I have had much opportunity in my life to examine my shadow, but botched it I guess, as those opportunities have been born of cyclical extremes. If I had learned and integrated, I wouldn't have found myself committing the worst of sins - not learning from experience.
But what am I on about? Every five years or so it seems, I have a nervous breakdown. I'm undergoing one now. The forum time I'm spending is testament to that.
I place myself in conditions that cause stress, and watch my personality unravel. Mostly anything that has anything to do with human relationships will trigger that stress. It is a curious exercise, and while I am harsh on my self-professed inability to learn from the past, it is more of a testing exercise, achieving finer and finer tuning and deeper understanding of what makes me tick. I am, of course, fundamentally quite self-ignorant, and only experiments of these proportions and persistence seem to yield any useful information.
So, this shadow I observe in extremis.
The P/J axis flips first. I'm in need of a modicum of externally-imposed stress because then I actually get things done. The more stress the more driven, ambitious and goal oriented I become. I meet deadlines. I finish projects. I aim high. I think a healthy level of stress is to be found here. But as it rises I become increasingly inflexible, rigid, controlling.
Apply more stress (stress is cumulative) and eventually The T/F axis switches. Instead of a thought out, reasoned response, I become emotionally reactive. The worst childish emotions. Irrational fears. Overwhelming rages, hatred, sorrow. The most bizarre and unrelated things will trigger tears, but I suppress them. I feel angry all the time. These monsters will be raging through my inner landscape and I will try to remain 'normal' on the outside. I will fight doggedly to not let them out.

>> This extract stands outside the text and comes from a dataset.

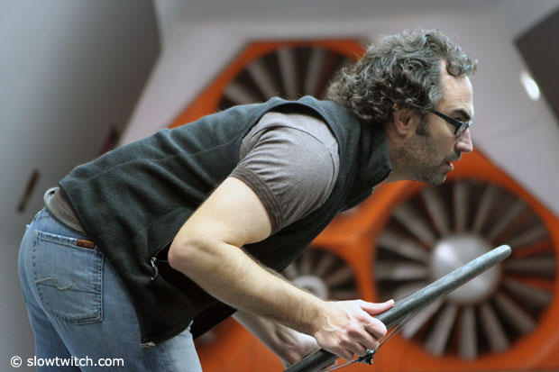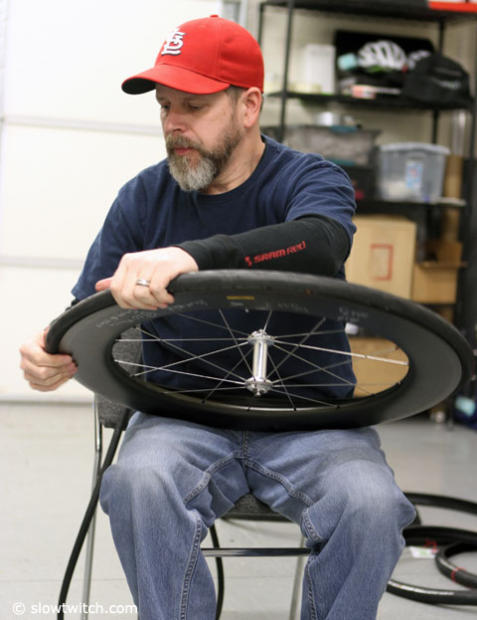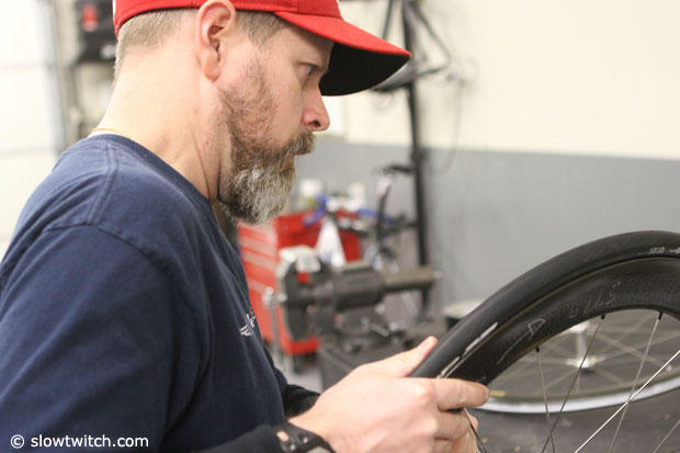 Master Wheelbuilder Nic James gets a wheel ready for the wind tunnel.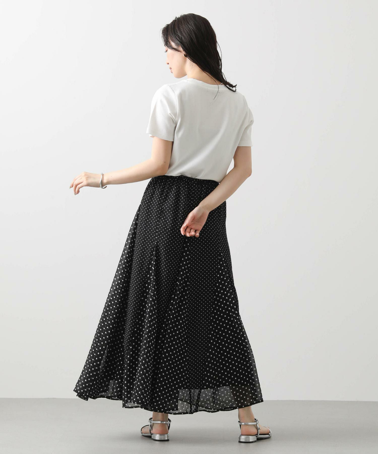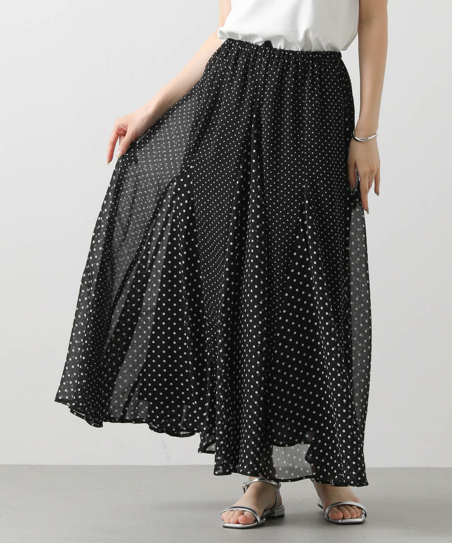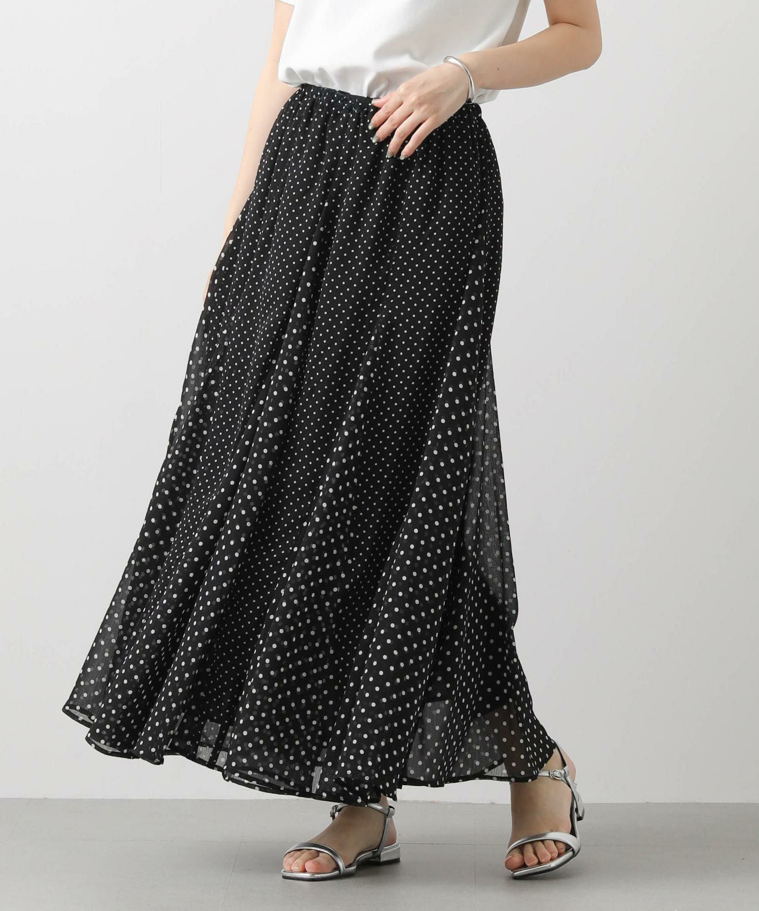 ドラマティックに分量感を出して、歩くたびに軽快に揺れるシルエットが特徴、夏のお出かけ着にオススメしたい1着。シワにもなりにくいので、旅行にも◎

They overwhelm me.
The feeling of being out of control emotionally is one of the hardest, perhaps the very hardest, psychological phenomena I face.
So: rigid, irrational, paranoid, overwhelmed, I finally lose sight of the big picture. The N/S axis flips. I can't see the future. I can't imagine my way out of the horror show. I can't see anything in it's proper context, nor recognise the 'exit' sign. I feel like a complete victim of my environment, powerless to change anything and hypersensitive to absolutely everything. Every stimulus provokes a self-preservation drama. My senses feed me Danger Danger Danger! messages constantly. The world, and everyone in it, becomes a threat.
Now, curiously I do not become 'E'. I do not need people in this state. Quite the opposite! I become even more withdrawn, self-isolating and reclusive. I avoid people. An inescapable overdose of people was what caused the stress in the first place. I have been known to sit in the car in the carpark crying for hours because I simply can't face going into the supermarket to buy food.
Voila, I become the most extreme and unhealthy manifestation of ISTJ martyrdom.
Now, my question is: if the opposite letters actually represent our shadow type, why do I not manifest as a negative ESTJ? Why does my normally reserved nature not become outgoing?
I don't think the shadow is as simple as "opposites".
Oh heck, either that or I'm an ENTP in denial.